July 21, 2013

Day 8 (skeletons haunting)

It was on a date, years ago, that I first heard about Sossusvlei and the red sand dunes of Namibia. 


It was the awkward phase where you just throw all of your conversational spaghetti at the wall to see what sticks.  So when he said he wanted to go to Namibia to see the famous dunes, I said, "Me too!"  Because, a.) it seemed like the correct response, and b.) those dunes sounded awesome, so why not?  

It's a conversation and person I hadn't thought about in years (a desire to visit Sossusvlei and a mutual friend being the only two things we had in common), but came back to me when we started driving through the Namib Desert.  

Namib Dessert, oldest in the world

We arrived first thing in the morning, just after sunrise, following a night of uncharacteristically warm winds.  The ridges and valleys of the dunes point North to South and never change, either in direction or location, due to a plant that holds the the sand in place.  Because of this permanence, each dune can be identified by name or number, recognizable year by year, decade by decade.  Dune 45 is the one open to the public, and thus the one we ascended that early morning.  

Atop Dune 45

Walking the ridge

The long way down

And I though, "I made it!"  Which was followed by the thought, "I bet I beat that guy here!"  Which was followed by the thought, "Should I try to be less competitive?"  Which was followed by the thought, "Given my reputation for being overly-intense during bus trivia quizzes, probably."  Which was followed by the thought, "Eh, that sounds like work and I'm more-or-less OK with myself as is, so let's just forget this one-sided conversation and move on with life."

So, moving on.  

Climbing the spine of the dune felt precarious, as though a misstep could send you sliding and tumbling all the way back down, Jack and Jill style.  Which is close to what happened anyway.  After an hour or so of playing in the sand, above the world, we descended in a helter-skelter race down the face of the dune. 

Super Dune Race 45!

Pouring the sand from my shoes

After emptying the desert from my shoes and leaving Dune 45, we continued on to Dead Vlei, which roughly means, "the place where water goes to die."  
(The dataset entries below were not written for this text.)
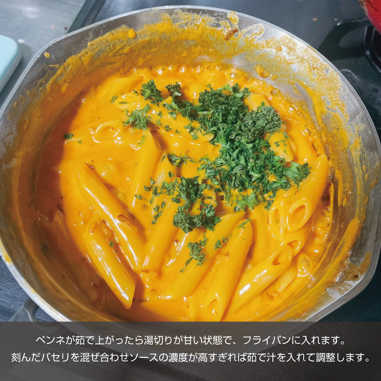 ⑥ペンネが茹で上がったら湯切りが甘い状態で、⑤のフライパンに入れます。刻んだパセリを混ぜ合わせソースの濃度が高すぎれば茹で汁を入れて調整します。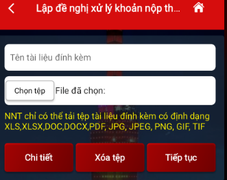 + Bước 8: Đặt tên tài liệu đính kèm và chọn đơn đề nghị hoàn thuế -> Chọn "Tiếp tục"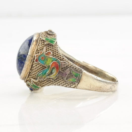 Antique Chinese Ring Lapis Lazuli Enamel, Chicken, Filigree Sterling Silver Size 9 - 9 1/2
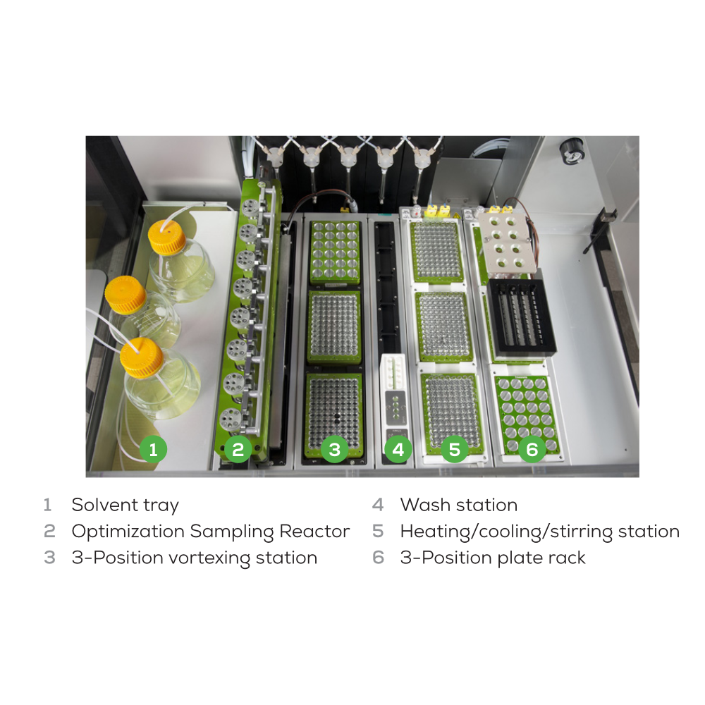 精巧高效的桌上型機種,保留核心自動化功能並優化佔地空間。同樣支援 OSR 即時取樣與多變數篩選,每週可處理數百種反應條件組合。適合空間有限但仍需高通量篩選能力的實驗室環境。

Dead Vlei is a patch of limestone amidst the tallest dunes in the world, where the Tsauchab River used to drain, way back when.  But it dried out so quickly and thoroughly that there isn't even enough moisture for normal decomposition.  That means that the trees that used to live in the marsh have been desiccated to the point of near-complete preservation.  Timber skeletons haunting an anti-oasis.  A beautiful graveyard.  

And if you're a better photographer than I, then you can see them like this.  

These Sossusvlei pictures are some of my favorites from the entire trip, and perusing through them, I was delighted to see this:

Where did that hat come from?

I had no idea at the time that I was capturing a hat-in-flight, and the sun-glare was so intense that I often couldn't see my camera display anyway.  Perhaps the hat was thinking, "Screw these thousands of kilometers riding on a bus- I'm BREAKING FREE!"

Or perhaps someone was trying to catch a shovel-snouted lizard.  

Photo credit: Irina Chernetskaya
Lizard-catching credit: Mat Dry

Shovel-snouted lizards are endemic to the Namib Desert, and they do a thermal "dance" across the sand to avoid scorching themselves on the burning terrain.  When they see predators (birds) flying above, they dive shovel-snout first into the sand.  And that's how you catch them.  They run to fast to snatch, but if you toss a hat in the air, they'll stop running and burrow several inches into the sand from where you can easily scoop them up.  

Who ever knows what you'll find lurking in those places you discussed so many years ago?